In an era where high-powered, multi-core systems are available on every desktop, laptop, and now even on smartphones, it's increasingly clear that language implementations should support real multi-threading capabilities. Multi-threading is a viable and popular approach in many other execution environments, and it's an area where Python has typically had to apologize. Historically, Python code which requires concurrent execution uses a heavyweight process model: essentially fork() and interprocess communication (IPC). This approach does not always yield the best performance for all workloads. For example, IPC requires serialization of data structures, which can be cost-prohibitive when data structures are intricate or unwieldy. Shared memory between forked processes may be an alternative to serialization in some cases, but this is only helpful for large, flat data structures, and isn't possible for particular classes of algorithms. Interprocess shared memory solutions also tend to complicate implementation since message passing is still often required to set up, communicate, and synchronize access to a shared memory region.
The standard CPython threading module offers support for threads, but there are significant caveats when performance is paramount. Specifically, since a global interpreter lock (GIL) is required to execute more than one thread safely in CPython, it's well understood that Python threads cannot execute even perfectly independent code concurrently (such as two threads each incrementing a non-shared integer value). Although C extension modules can release the GIL when the remaining work can be performed independently, in practice this requires careful extension module design and doesn't solve the GIL performance drawbacks when executing pure Python code.

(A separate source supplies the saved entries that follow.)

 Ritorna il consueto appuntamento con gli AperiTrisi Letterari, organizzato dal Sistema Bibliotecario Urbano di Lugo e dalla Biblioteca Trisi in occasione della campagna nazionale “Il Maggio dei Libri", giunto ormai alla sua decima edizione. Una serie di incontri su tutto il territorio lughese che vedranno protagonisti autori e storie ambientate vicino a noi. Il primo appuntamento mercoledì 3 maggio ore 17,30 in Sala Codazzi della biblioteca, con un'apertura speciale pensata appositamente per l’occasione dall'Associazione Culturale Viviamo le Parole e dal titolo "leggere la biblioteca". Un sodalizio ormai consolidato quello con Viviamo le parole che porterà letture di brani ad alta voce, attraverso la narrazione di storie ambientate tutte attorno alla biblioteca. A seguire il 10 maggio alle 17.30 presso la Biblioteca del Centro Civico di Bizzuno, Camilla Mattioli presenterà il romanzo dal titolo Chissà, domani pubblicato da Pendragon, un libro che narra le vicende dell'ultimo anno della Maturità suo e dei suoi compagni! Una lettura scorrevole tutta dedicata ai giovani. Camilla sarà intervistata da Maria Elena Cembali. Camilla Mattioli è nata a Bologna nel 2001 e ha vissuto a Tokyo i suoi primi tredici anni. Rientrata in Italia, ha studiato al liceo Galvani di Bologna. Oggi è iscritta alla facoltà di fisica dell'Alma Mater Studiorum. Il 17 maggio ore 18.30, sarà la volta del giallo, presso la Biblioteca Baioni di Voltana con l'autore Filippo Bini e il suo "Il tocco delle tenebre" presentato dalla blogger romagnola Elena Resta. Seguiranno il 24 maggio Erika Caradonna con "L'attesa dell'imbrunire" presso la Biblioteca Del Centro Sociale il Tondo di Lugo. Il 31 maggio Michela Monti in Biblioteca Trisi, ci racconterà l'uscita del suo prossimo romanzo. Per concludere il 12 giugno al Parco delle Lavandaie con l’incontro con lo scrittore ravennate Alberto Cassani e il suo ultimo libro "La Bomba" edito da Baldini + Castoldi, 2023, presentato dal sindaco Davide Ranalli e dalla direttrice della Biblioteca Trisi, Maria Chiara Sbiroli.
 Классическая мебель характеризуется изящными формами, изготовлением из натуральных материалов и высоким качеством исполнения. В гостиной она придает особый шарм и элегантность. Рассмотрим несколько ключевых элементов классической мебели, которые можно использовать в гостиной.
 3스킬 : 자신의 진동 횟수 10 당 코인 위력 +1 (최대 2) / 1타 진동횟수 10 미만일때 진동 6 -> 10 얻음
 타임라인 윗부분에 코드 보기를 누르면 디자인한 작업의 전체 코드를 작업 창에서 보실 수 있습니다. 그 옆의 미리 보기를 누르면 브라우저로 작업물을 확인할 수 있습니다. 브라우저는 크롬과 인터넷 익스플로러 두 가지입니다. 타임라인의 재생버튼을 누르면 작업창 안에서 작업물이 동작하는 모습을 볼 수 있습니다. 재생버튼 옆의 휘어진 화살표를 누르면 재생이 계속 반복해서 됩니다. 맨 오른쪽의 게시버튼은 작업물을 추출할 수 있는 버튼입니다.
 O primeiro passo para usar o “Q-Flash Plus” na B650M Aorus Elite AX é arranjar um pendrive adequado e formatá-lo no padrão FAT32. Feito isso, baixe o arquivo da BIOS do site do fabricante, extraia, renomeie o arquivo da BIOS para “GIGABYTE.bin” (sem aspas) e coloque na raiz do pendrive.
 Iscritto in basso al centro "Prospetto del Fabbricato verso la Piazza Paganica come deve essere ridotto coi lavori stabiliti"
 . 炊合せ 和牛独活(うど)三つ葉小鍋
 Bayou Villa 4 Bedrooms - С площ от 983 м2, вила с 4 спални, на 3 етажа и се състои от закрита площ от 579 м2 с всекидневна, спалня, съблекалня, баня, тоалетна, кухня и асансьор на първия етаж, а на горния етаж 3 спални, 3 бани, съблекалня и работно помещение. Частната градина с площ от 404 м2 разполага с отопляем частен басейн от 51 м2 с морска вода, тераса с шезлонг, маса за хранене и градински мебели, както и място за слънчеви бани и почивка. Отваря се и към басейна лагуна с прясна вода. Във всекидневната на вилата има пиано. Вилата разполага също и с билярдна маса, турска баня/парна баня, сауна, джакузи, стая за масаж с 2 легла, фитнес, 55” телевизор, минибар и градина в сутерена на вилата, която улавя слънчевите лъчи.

In addition to the drawbacks associated with the presence of the GIL, CPython's use of reference counting has unfortunate side effects. For example, when Python code uses multiple processes for concurrent execution, reference count updates can incur copy-on-write costs across shared memory pages. Additionally, reference count loops/cycles are possible, forcing the runtime to incur additional expenses associated with reference cycle analysis. Finally, the code mechanics of any reference counting API are less attractive than a garbage collected environment (i.e., even the most trivial CPython API usage can require reference counting boilerplate).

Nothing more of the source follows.